Newer techniques allow organs to be transplanted where there is HLA incompatibility (HLAi) providing antibodies are removed or lowered to an acceptable level prior to transplantation. There are various techniques used to remove antibodies, for example, plasmapheresis and immunoadsorption, in a similar strategy to that used in ABOi transplantation. This procedure is only suitable for living donation as the antibody removal must be carried out in the period leading up to the transplant operation. The risks of transplant rejection, graft failure and serious infection are twice as high as for antibody compatible transplants so patients contemplating this procedure must be fully aware of the risks before proceeding. Despite the risk this treatment may offer some patients their only chance of receiving a transplant, particularly as they may be unlikely to be offered a deceased donor kidney if highly sensitised, and many are willing to accept the risks involved.

Donor and recipient matching

The majority of organs for transplant come from deceased donors. It is essential to match for blood group and to achieve the best DR match possible. Since antibodies can be induced to pregnancies, transfusions or previous transplants and can be boosted by infection, regular screening of patients on the waiting list is necessary to maintain knowledge of their current antibody status. Donors are avoided if they contain any mismatch to which the recipient has antibodies in current or recent serum.

Pretransplant cross-match

Immediately prior to transplant a cross-match test is performed in the tissue-typing laboratory. A recent blood sample and selected past samples from the recipient are checked against donor lymphocyte cells. If the donor cells react (die), the result is termed a positive cross-match; the recipient is adversely reacting to the donor antigens. In the presence of a positive cross-match, transplantation cannot proceed, as the transplant would be rejected.

Traditionally a cross-match was performed prior to deceased donor transplantation and the results were obtained before the transplant operation could proceed.

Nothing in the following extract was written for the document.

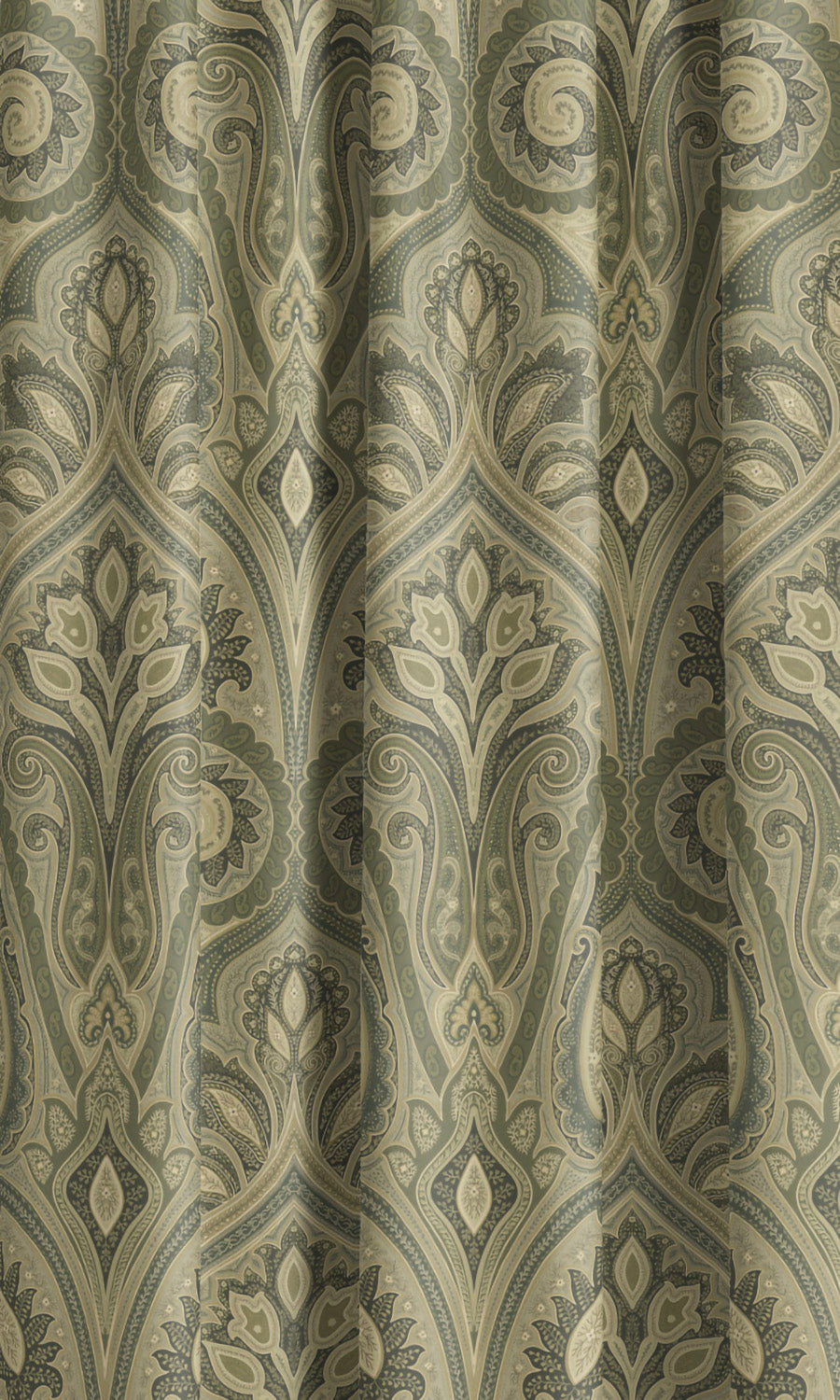• Its regal fusion of damask and paisley where scrolling arabesques and teardrop whorls entwine in heritage elegance

Recognition of the significance of shorter cold ischaemic times (CIT) in improved short-term graft success rates (Johnson et al. 2010) has led to the introduction of retrospective cross-matching. In this situation the transplant proceeds without waiting for the cross-match result to be available. This can only occur if the recipient has had regular blood samples sent to the laboratory for antibody testing and is known to be nonsensitised. Careful history should be taken at time of transplant to ensure the recipient has not received any recent blood transfusions that would affect antibody status.

Sensitisation

When there is a positive cross-match, the recipient is sensitised to that donor. The higher the level of sensitisation, the greater will be the difficulty in finding a transplant that will not reject.

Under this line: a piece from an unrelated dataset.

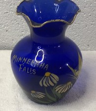Antique Vintage Cobalt Blue Hand Painted Floral Butterfly Vase Minnehaha Falls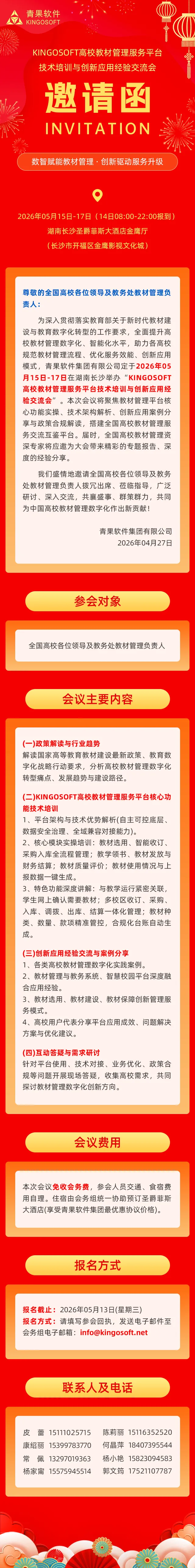 青果软件集团诚邀您出席“KINGOSOFT高校教材管理服务平台技术培训与创新应用经验交流会”

Sensitisation can occur during pregnancy (to partner’s antigens), during blood transfusion and after transplantation. In order to reduce the risk of sensitisation it is important to minimise the giving of blood transfusions.

Some recipients may have a high level of sensitisation. The patient’s serum is tested periodically against a representative panel of cells from many donors. If the patient does not react with the various donors tested then they are classified as unsensitised. If the blood reacts with 50% of donors (50% of the panel or 50% Panel Reactive Antibody (PRA)) they are 50% sensitised, and if blood reacts with 100% of donors they are highly sensitised. Unfortunately, some highly sensitised candidates wait many years for a compatible transplant, although the antibodies responsible for sensitisation can decrease with time.

United Kingdom matching system

Within the United Kingdom, each transplant centre has a local list of recipients awaiting transplant. There is a national database held at NHS Blood and Transplant (NHSBT) in Bristol. Each deceased donor is tissue-typed at the local transplant centre and the details sent to NHSBT, where the closest tissue match is found from the central computer. The kidneys are then sent to the recipient centre for transplant.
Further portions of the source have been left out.